Tendió la mano para que María le pasara el libro. Su esposa se lo dio, sabiendo cuánto le gustaba a Gonzalo terminar de narrar las historias. Historias que él mismo recordaba de pequeño, cuando aún vivía en la Casona y Tristán, Mariana o la propia Pepa, se colaban en su cuarto para leerle, a escondidas de Francisca.
Con la apaciguada voz de Gonzalo narrando el final de aquel cuento de piratas y héroes que lograban vencer a los malvados después de una gran batalla, Esperanza cayó dormida al instante.
María escuchó, embelesada la historia. La había oído cientos de veces, pues el pirata Barbanegra era uno de los favoritos de sus hijos, pero escuchar la historia por boca de su esposa, la llenaba de tranquilidad.
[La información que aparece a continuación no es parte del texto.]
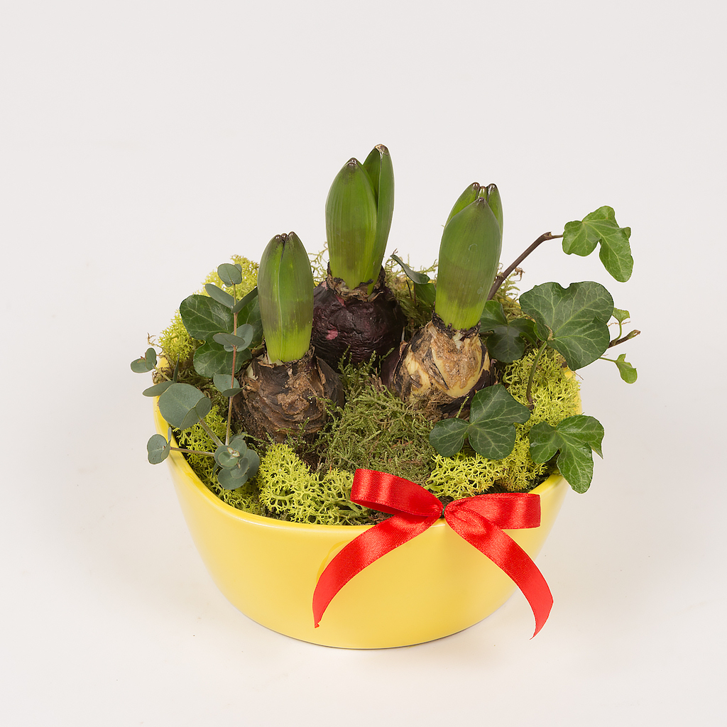Aranjament in vas ceramic cu 3 bulbi de zambila, muschi verde, iedera si eucalipt.
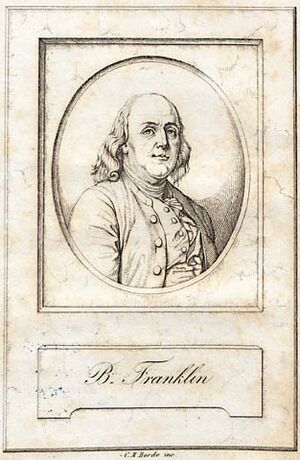 بنجامين فرانكلين FRS FRSA FRSE (إنگليزية: Benjamin Franklin، 17 يناير 1706 [ن.ق. 6 يناير 1705][Note 1] – 17 أبريل 1790)، هو كاتب وعالم ومخترع ورجل دولة ودبلوماسي وطابع وناشر وفيلسوف سياسي أمريكي رائد متعدد الثقافات.[1] كان فرانكلين من بين المثقفين الأكثر تأثيراً في عصره، وهو أحد الآباء المؤسسين للولايات المتحدة؛ ومحرر وموقع على إعلان الاستقلال؛ وأول مدير البريد العام.[2]

Gonzalo cerró el libro en cuanto terminó y cogió al pequeño Martín para trasladarlo a su cama, pegada a la ventana. Normalmente el niño no despertaba ya en toda la noche. Le dio un suave beso en la frente, le hizo la señal de la cruz con sus dedos, bendiciéndole; a la vez que María terminaba de arropar a Esperanza. Luego se intercambiaron para despedirse ella de Martín y Gonzalo de la niña.
-¡Qué tranquilidad se respira! –comentó en un suspiro Gonzalo, mientras volvían al salón.
María le acarició el rostro.
-Sigues preocupado, ¿no es así? –le preguntó, con gesto sombrío.
-Sí. Pero no quiero hablar de eso –le pidió; y la atrajo para besarla. Necesitaba sentir que ella estaba allí, que era su bálsamo para apartar de su mente los problemas-. Así mucho mejor –le susurró al oído mientras la abrazaba con fuerza.
-Ven –le pidió María-. Sentémonos. La cena estará enseguida.
Ambos se sentaron en el sofá. La joven le recolocó el pelo, acariciándole la cabeza.
-¿Sabes que he hablado con Celia? –le dijo María, mirándole fijamente y con seriedad-. Y menos mal que lo he hecho, sino…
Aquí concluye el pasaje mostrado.